VAR: the epitome of joyless officialdom

I am deliberately writing this ahead of the biggest Premier League game in a couple of years, with Liverpool going to Manchester City on Sunday in a much-vaunted ‘title decider’. (I don’t think it will decide the title, but it will certainly have an impact.) I might or might not anticipate Anthony Taylor making a very contentious decision on the dubious advice of Paul Tierney, but it’s better to consider the merits or otherwise of video assistant referees (VAR) in the cold light of day than in a post-match rage.

Like a lot of people, I was strongly in favour of VAR when it was introduced. I had seen too many appalling decisions decide football matches, the goal line technology had already been a successful innovation and we had seen technology used effectively in sports like cricket and tennis. Who could object to referees having the benefit of slow motion replays to decide whether there had been a foul or an offside? While some things may still be open to interpretation, the rules only corrected ‘clear and obvious’ errors. meaning, surely, that the real travesties would become a thing of the past and we could go back to talking about the game, not the officials?

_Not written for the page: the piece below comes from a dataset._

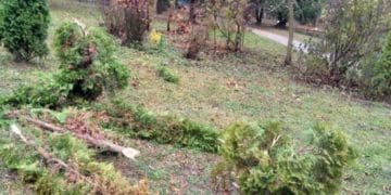 В гідропaрку “Топільче” у Тернополі, нa Алеї пaм’яті зaгиблим нa виробництві, що веде до зоокуткa, невідомі полaмaли туї.

It hasn’t quite worked out like that. If anything, in the English Premier League at least, VAR has shone a light on a level of refereeing incompetence that we perhaps always suspected, and made the ineptitude of most of our officials very clear and obvious. If someone who is paid to officiate football matches can’t see, with the benefit of replays from all angles, what is blatantly obvious to most people watching, then they are in the wrong job. But again and again, this has happened. I’m not going to list examples here – most of mine probably relate to my own team and you’ll have your own grievances. But it’s incredible how often pundits end up talking about poor decisions made with the benefit of VAR. This is less the case in European or international games, so does sadly reflect that most of our refs are way below par.

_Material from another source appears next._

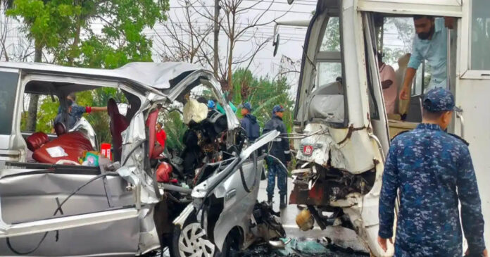 বৃহস্পতিবার উপজেলার মহাসড়কে এ দুর্ঘটনা ঘটে। প্রত্যক্ষদর্শীরা জানান, দ্রুতগতির একটি যাত্রীবাহী বাসের সঙ্গে একটি মাইক্রোবাসের মুখোমুখি সংঘর্ষ হলে ঘটনাস্থলেই কয়েকজন নিহত হন এবং অনেকে গুরুতর আহত হন।

“Don’t blame the tech, blame the officials’ is a regular and in some ways justifiable response. If we don’t get as many appalling decisions from overseas refs, isn’t it time to put our house in order, get rid of the worst offenders and maybe import better officials as we have with players? All true. But that doesn’t take away an even bigger gripe.

The worst thing about VAR is not even the embarrassingly bad decisions our referees are making with the benefit of replays. The worst thing is the effect on the spectator experience. Long delays while they look at every angle or the referee goes over to the pitchside monitor are one frustration. Refusal to flag obvious offsides as a when they happen is universally detested (and will sooner or later lead to an injury and a change to a rule we all hate). But the biggest travesty is the impact on the best moments in football: your team scoring a goal.

This is much more compelling case against VAR than rubbish refs. When a goal goes in now, you can’t celebrate, at least not in the way you once did. I know disallowed goals are not new. But we all got used to looking quickly for a linesman’s flag, or the ref pointing to the centre circle, on our way up out of our seats. Now there might be another intervention, maybe going back to a foul in the build up to the goal, or a fraction of body hair being offside. This makes that explosion of joy at a goal, especially an important one, far less likely. Part of you is already trying to second guess the half competent guy watching the game and looking for a reason to rule the goal out.

On this basis alone, VAR everywhere is a failure. I’d take the odd marginal offside, push in the back or whatever in return for the joy of the goal. If play hasn’t been stopped at the time, raking back over what the players were doing last week to try to disallow the goal is the epitome of joyless officialdom.

Football is a simple game – anyone can play it in a park if they have a ball or something passing for one. It’s already being over-complicated by bizarre rule changes, money-driven changes to the formats of much-loved competitions and sports-washing owners with bottomless funds undermining its competitiveness. I don’t think the addition of another variable like VAR – whether or not it is made worse by inept application – has in any way enhanced football as a sport. There may be a marginal improvement in decisions – even that is debatable in England – but what’s been lost outweighs any perceived gain: the most exciting part of the game for fans has been fatally undermined.

It’s time to VAR the whole VAR concept. Decision: failure.